A Falcon for a Queen Page 2
‘You’re cold,’ the man said. ‘I’m sorry. It was thoughtless of me to have put you up here on the box. I could have ridden down there with you. But I’ve been a week in Edinburgh and when I’ve been away from here I have a terrible longing to be back. And when I’m back I have to sit up high, and see it all again. I know I’m home then.’
‘I’m not cold,’ I answered. ‘Perhaps just tired. And I know what you mean ‒ about seeing it all …’ There was so much to see, to try to know. It was beautiful; even my tired, bewildered gaze could appreciate that. Beautiful, but not soft. We passed from clumps of trees to vistas of open meadows, and beyond them boggy moorland. The wind raced through the young green crops; we seemed to climb and descend endlessly ‒ sometimes through open expanses of moor, sometimes the road wound down and up a glen so narrow that the very light seemed to be shut out. As the clouds scudded before the wind, from time to time I saw the mountains ‒ I knew they had to be part of the Cairngorm Range. I had studied the map of Scotland so many times since Angus Macdonald’s letter. We passed little cottages huddled where they could find a vestige of shelter ‒ I knew the snows would come here, as they did in China. It was strange and wild, and it exhilarated me in a way I had not expected. My mother’s blood was in me also, I thought. Suddenly I began to understand the feeling of recognition which must have stirred in William.

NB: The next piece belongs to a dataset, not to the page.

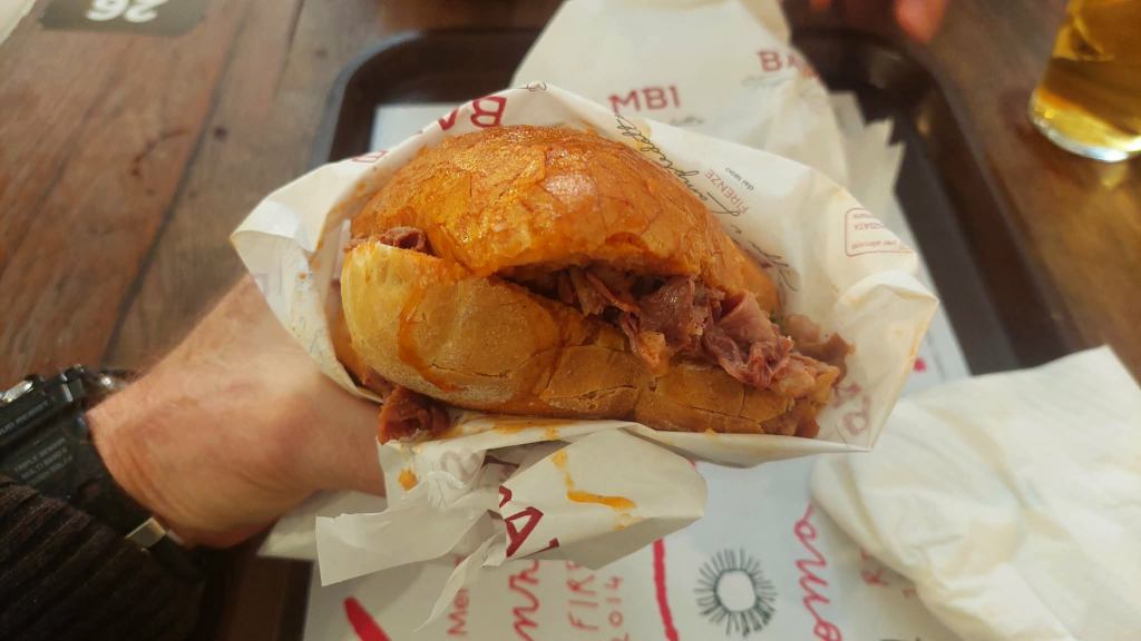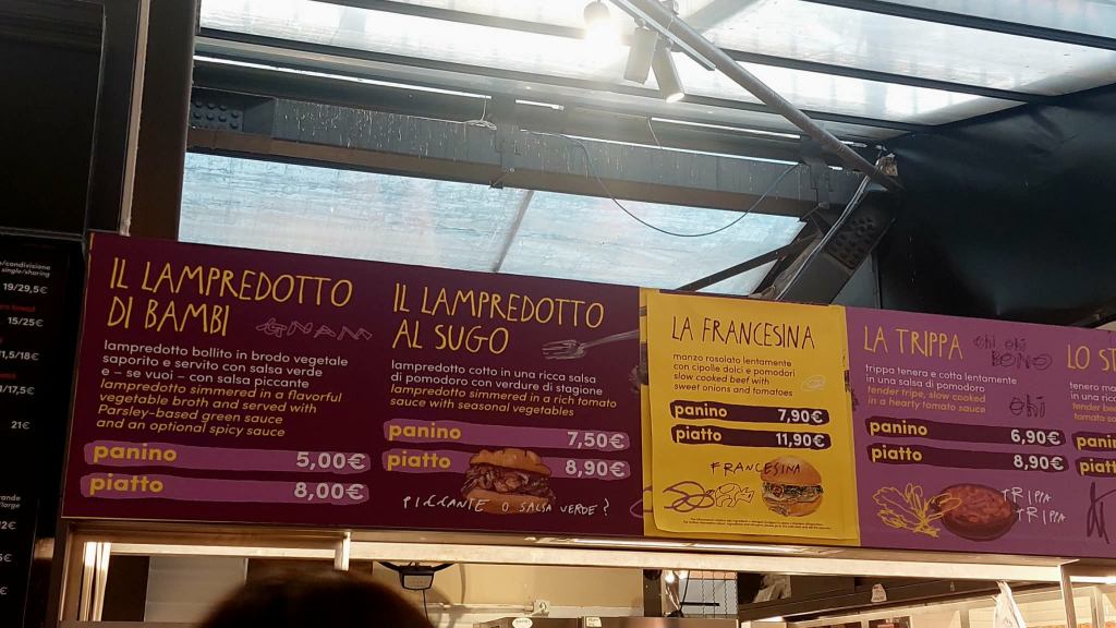 De nos jours, hélas, la lamproie a pratiquement disparu en raison de la pollution massive de l’Arno, causée par les microplastiques, les tanneries et les résidus de l’industrie textile. Mais pas la caillette ! Me voici donc au marché couvert de Florence, en extase devant le kiosque du lampredotto (et bien plus encore). Et ici comme partout ailleurs dans la ville, les prix sont encore raisonnables, pour des portions vraiment copieuses : 5 euros le panino !
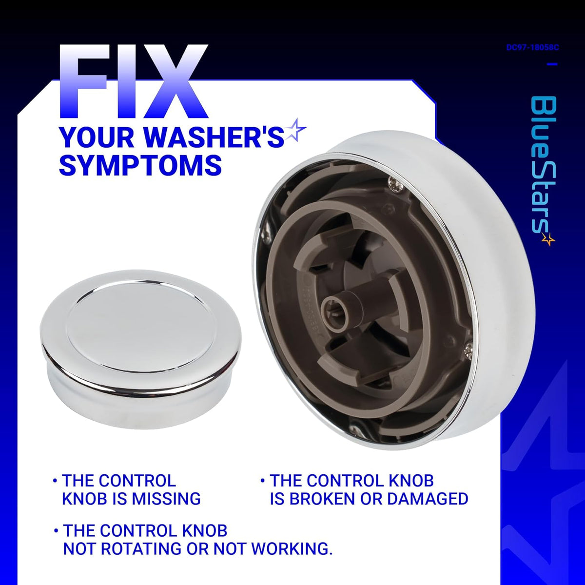 This listing is for a 2024 upgraded control knob assembly, part number DC97-18058C, designed for compatibility with a wide range of Samsung washing machines and dryers.

Then I saw it ‒ a great place perched on a craggy outcrop above a river, a river whose white water tumbled and sparkled even on this grey afternoon. The place itself was high and old, turreted and battlemented; the centre building was of a great age, and had once been a fortress dominating the narrow pass through the glen. But obviously when times had grown more peaceful, portions had been added to it, and gardens laid out in broad terraces that descended to the river. Despite the gardens, its splendour had still a kind of grimness about it.
‘What is that?’
‘Ballochtorra.’
It was a name already in my heart; William would lie buried somewhere near.
‘Who lives there?’
‘A Campbell.’ Then he added, turning and half-smiling at me ‒ the first time I had seen a smile. ‘I do.’
‘Then why did you say it like that? ‒ a Campbell?’
‘Because you, Miss Howard, are a Macdonald, whether you’re called that or not. In Scottish history, ever since the massacre at Glencoe ‒ oh, and before that, even ‒ the Macdonalds and the Campbells are thought to be implacable enemies. It wasn’t always true, of course. Often they had fought on the same side ‒ just as often they’ve faced each other with drawn swords. As have most clans in Scotland. They’ve raided each other’s cattle and castles. They’ve taken each other’s women. Sometimes they’ve even arranged peaceful marriages. But you and I ‒ we’re supposed by outsiders to be hereditary enemies, but in fact it was different septs of our clans who were involved at Glencoe. You are a Macdonald of Glanranald, and I’m a Campbell of Cawdor. But still it was Campbells who were quartered on Macdonalds at Glencoe, and who took their hospitality, and who slew them that morning in the February snow ‒ all from seven to seventy years old. Five o’clock in the morning, and many of them tumbling out of their beds, and ending lying naked and dead in the snow. It isn’t forgiven or forgotten ‒ even if the Macdonalds were rebels against King William of Orange ‒ and the Campbells were said merely to be carrying out orders. That it was done by stealth by men living in the houses of their victims is what is not forgiven. It happened more than two hundred years ago, but we’re still supposed to hate each other. Scotland’s been peaceful for a long time now, and it’s only fanatics who keep bringing up the Stuarts and Bonnie Prince Charlie. We have our old Hanoverian queen living here among us, and none would think of harming her, or her son. But it’s a romantic, foolish game we Scots play that all the clans still share ties of brotherhood and blood. We’ve been as cruel to each other as men could be ‒ Ballochtorra there would tell its tales, and its dungeons were there for other reasons than storing wines. But your name is Macdonald and my name is Campbell; and we’re supposed never to let the memory of Glencoe die. Even though you and I are distant cousins.’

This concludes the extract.